**WORK TO BE COMPLETED:**
Repeat the data word for word, excluding every picture.

**EXERCISE DATA:**
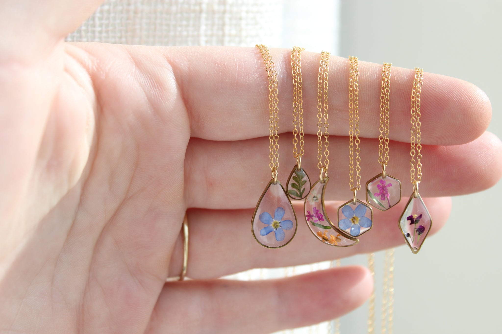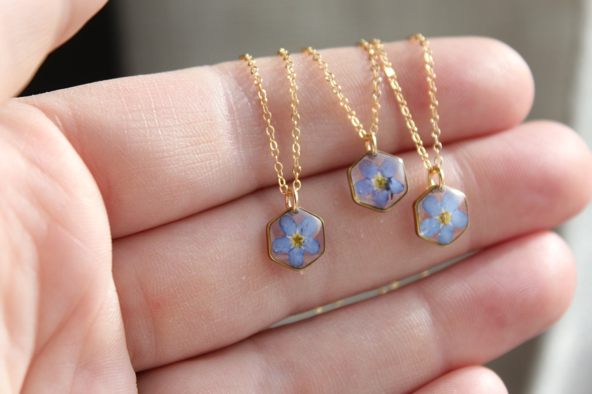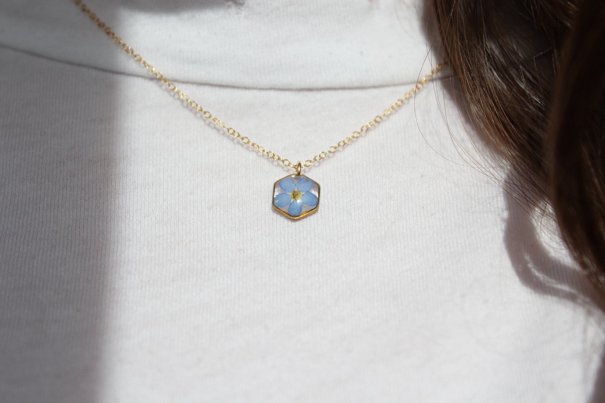 Handmade one at a time from my home studio in Alberta with real bright blue forget me not flowers. Inspired by the simplicity of nature. This necklace is super lightweight, perfect for everyday wear and the pop of blue adds an element of the outdoors to any outfit.
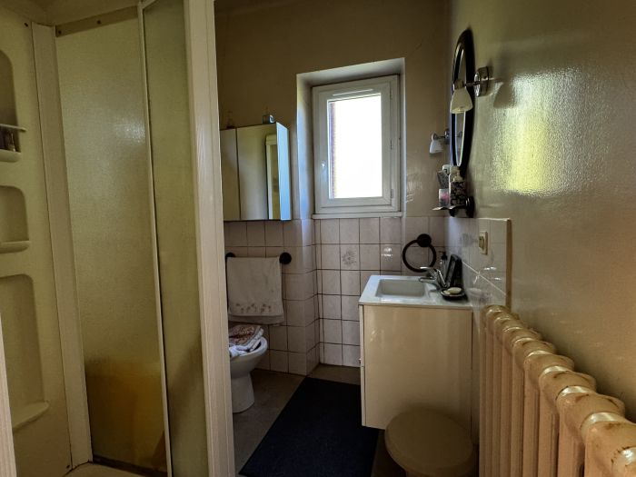 Le rez-de-chaussée comprend une cuisine, un séjour, une chambre, une salle d'eau, un WC, ainsi qu'un garage communicant avec la maison. Au premier étage, vous trouverez une seconde cuisine, un séjour, deux chambres, une salle d'eau et un WC. Le deuxième étage dispose d'une chambre supplémentaire et d'un grenier aménageable. À l'extérieur, le terrain offre la possibilité d'aménager un espace potager et bénéficie également d'une terrasse en dallage pierre, ombragée par un tilleul et exposée sud-est, garantissant luminosité et confort.
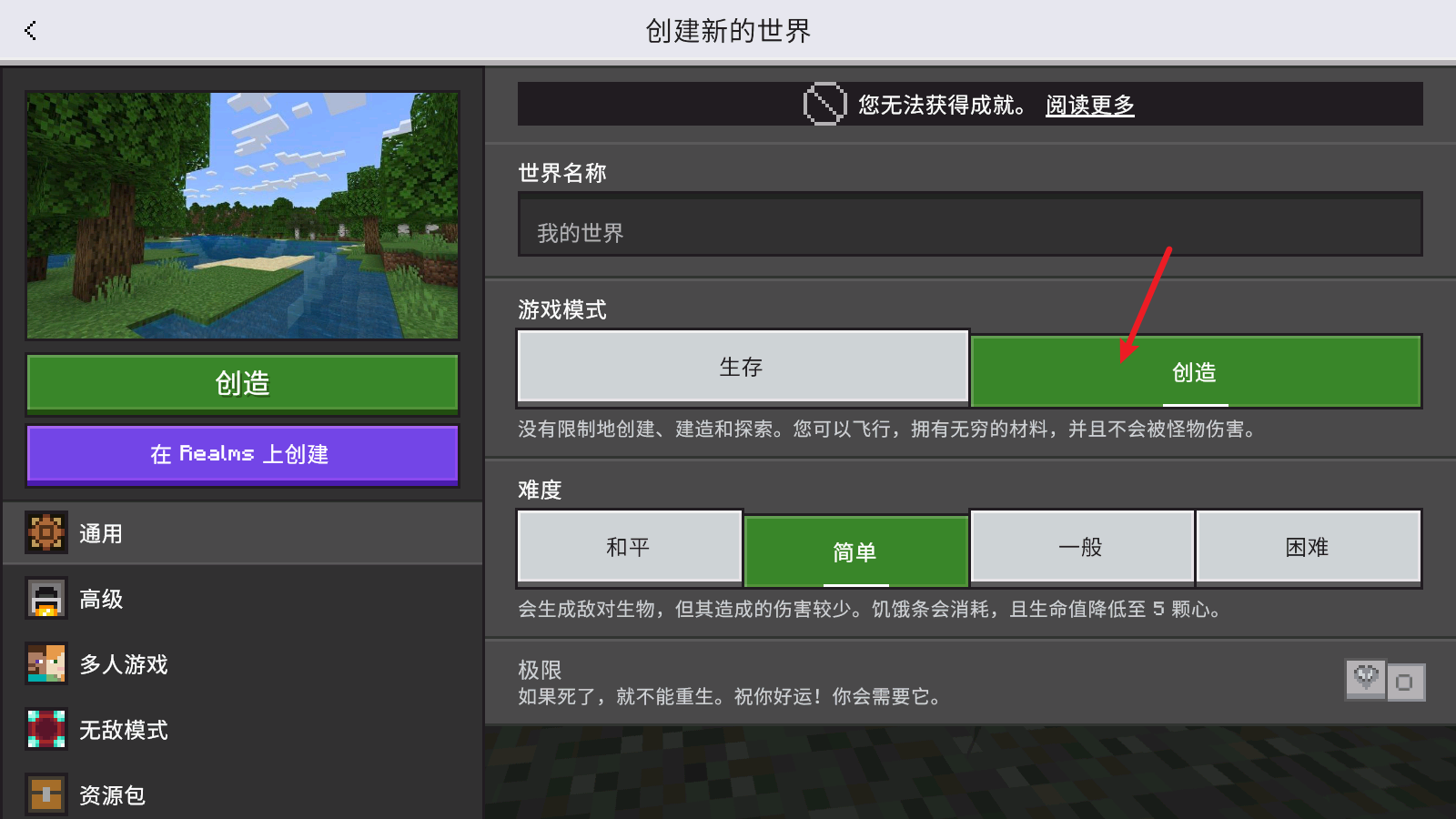 首先要创建一个属于自己的世界,你可以选择生存模式,也可以选择创造模式。

**SOLUTION TO THE EXERCISE:**
 Handmade one at a time from my home studio in Alberta with real bright blue forget me not flowers. Inspired by the simplicity of nature. This necklace is super lightweight, perfect for everyday wear and the pop of blue adds an element of the outdoors to any outfit.
 Le rez-de-chaussée comprend une cuisine, un séjour, une chambre, une salle d'eau, un WC, ainsi qu'un garage communicant avec la maison. Au premier étage, vous trouverez une seconde cuisine, un séjour, deux chambres, une salle d'eau et un WC. Le deuxième étage dispose d'une chambre supplémentaire et d'un grenier aménageable. À l'extérieur, le terrain offre la possibilité d'aménager un espace potager et bénéficie également d'une terrasse en dallage pierre, ombragée par un tilleul et exposée sud-est, garantissant luminosité et confort.
 首先要创建一个属于自己的世界,你可以选择生存模式,也可以选择创造模式。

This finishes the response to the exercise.